The United States military continues to bend its strict grooming rules to appease Muslims, most recently allowing an Air Force sergeant to sport a beard for religious reasons.
It marks the sixth — and counting — religious waiver permitting a beard in service for the Air Force, according to the online military news conglomerate that broke the story. It doesn’t end there. An official with the terrorist front group that claims to be a Muslim civil rights organization blasted the sergeant, Abdul Rahman Gaitan, posting on social media that the airman can “now rock your Sunnah beard while bombing your Muslim brothers and sisters.”
The attack came from Zahra Billoo, executive director of the San Francisco chapter of the Council on American Islamic Relations (CAIR), a group with extensive links to foreign and domestic Islamists. It was founded in 1994 by three Middle Eastern extremists (Omar Ahmad, Nihad Awad and Rafeeq Jaber) who ran the American propaganda wing of Hamas, known then as the Islamic Association for Palestine.

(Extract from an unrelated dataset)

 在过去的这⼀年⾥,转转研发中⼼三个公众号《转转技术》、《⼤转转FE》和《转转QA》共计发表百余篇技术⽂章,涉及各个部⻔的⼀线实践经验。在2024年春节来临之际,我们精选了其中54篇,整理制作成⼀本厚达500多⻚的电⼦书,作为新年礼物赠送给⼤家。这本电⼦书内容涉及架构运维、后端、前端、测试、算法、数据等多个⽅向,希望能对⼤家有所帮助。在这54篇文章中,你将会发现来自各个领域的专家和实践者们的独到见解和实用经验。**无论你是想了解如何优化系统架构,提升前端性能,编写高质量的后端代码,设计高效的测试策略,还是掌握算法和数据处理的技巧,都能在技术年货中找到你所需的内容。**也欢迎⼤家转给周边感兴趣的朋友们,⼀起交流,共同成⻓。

In 2008 CAIR was a co-conspirator in a federal terror-finance case involving the Hamas front group Holy Land Foundation. Read more in a Judicial Watch special report that focuses on Muslim charities. Keeping with CAIR’s radical agenda, Billoo has a history of defending terrorists and considers Palestinians who terrorize Israel martyrs engaging in acts of resistance. You’d think her group would appreciate the U.S. military going beyond the call of duty to acknowledge a Muslim’s religious rights. After all, CAIR professes to be the nation’s largest Muslim civil rights group and a “leading advocate for justice and mutual understanding.”
Back to the Pentagon bending over backwards to accommodate certain religions. Under Barack Obama the Department of Defense (DOD) issued a policy allowing service members to display their religious beliefs with prohibited displays such as turbans, piercings, beards, long hair and tattoos.

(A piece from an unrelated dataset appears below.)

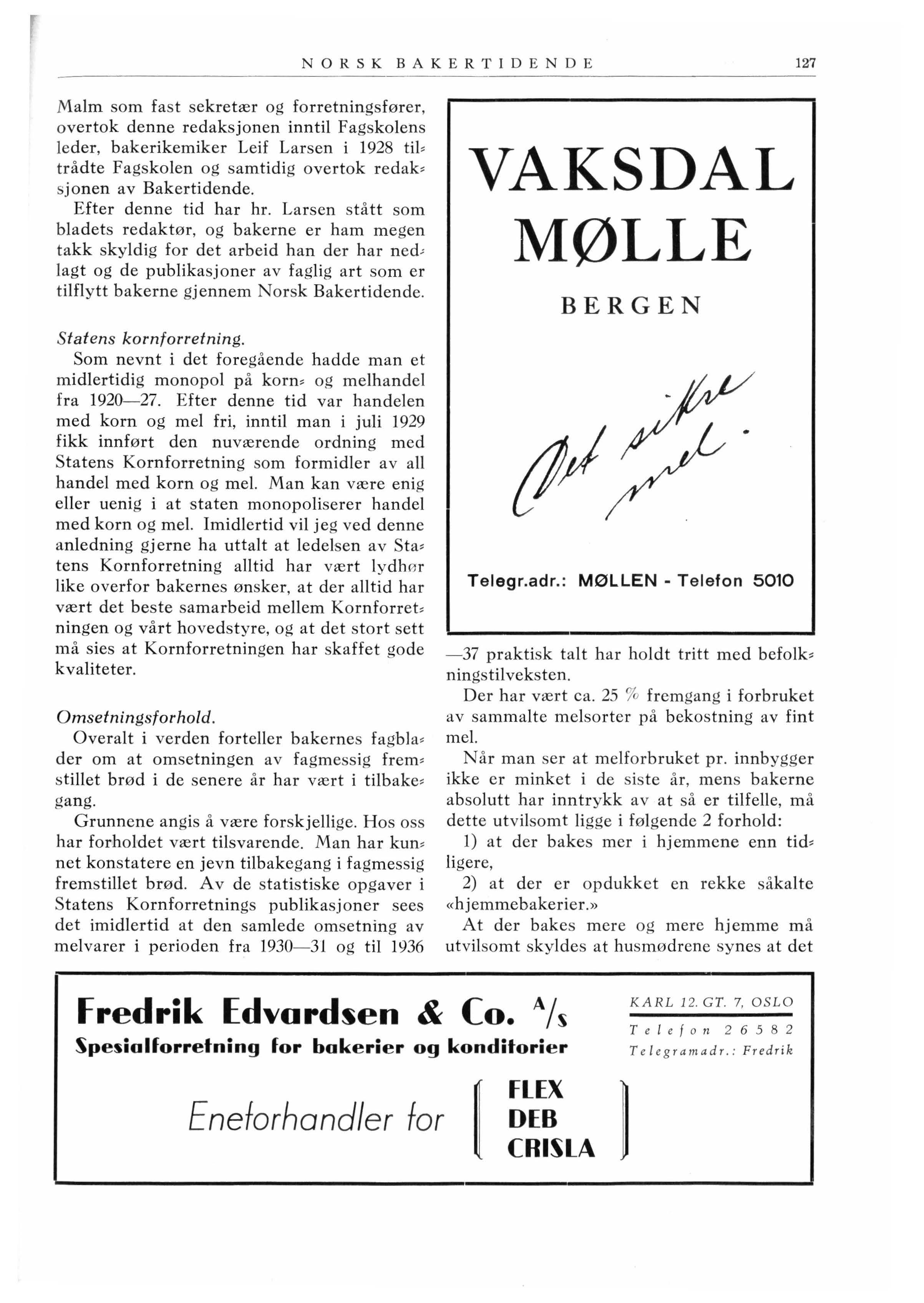 Grunnene angis å være forskjellige. Hos oss har forholdet vært tilsvarende. Man har kun , net konstatere en jevn tilbakegang i fagmessig fremstillet brød. Av de statistiske opgaver i Statens Kornforretnings publikasjoner sees det imidlertid at den samlede omsetning av melvarer i perioden fra 1930-3 1 og til 1936

Under the new rules Muslim service members can request to wear a beard and carry prayer beads, Wiccans, who practice “Magick,” can seek accommodations according to that religion, Jews can get permission to wear a yarmulke while in uniform and Sikhs can have long hair. Tattoos, which are banned on the neck and below elbows or knees, can also be allowed under “religious body art.” This also permits “piercings through the skin or body parts,” unheard of in the military. It’s all in the name of religious freedom and, more importantly, political correctness.
Under the original military rules, religious apparel, described as articles of clothing worn as part of the doctrinal or traditional observance of the religious faith, was pretty much banned. It is, after all, the military, a “specialized community within the United States governed by a discipline separate from that of the rest of society, the importance of uniformity and adhering to standards.”
Compromising its reputation as a bastion of discipline and respect, the military broke with its strict uniform and grooming regulations last year when the Army became the first to permit any solider seeking to wear a religiously mandated beard, hijab or turban in uniform. The Army had already granted several Sikh soldiers temporary appearance waivers to wear turbans while in uniform, but many were forced by lawsuits. Earlier this year the Army issued its first beard waiver to a member of the Norse pagan faith.
Besides Gaitan, five other beard waivers have been issued by the Air Force recently and others are being processed. Gaitan, who is stationed at Travis Air Force Base in northern California, was raised Catholic but got into Islam while deployed in Turkey in 2011. “He continued his pursuit of the faith as he moved on to his next duty station in Hawaii, and ultimately decided to convert,” according to the military news story. It took him around four years to get the beard waiver to keep with his new faith.
The article cites a statement issued by Gaitan saying the following: “A month after I started growing my beard, someone shooed me away with their hand saying very negative things because I was a Muslim. A week later, another person from a different squadron felt comfortable enough to ask me if I had joined ISIS. These two incidents weren’t the only ones. Earlier … someone openly questioned if I was a terrorist.”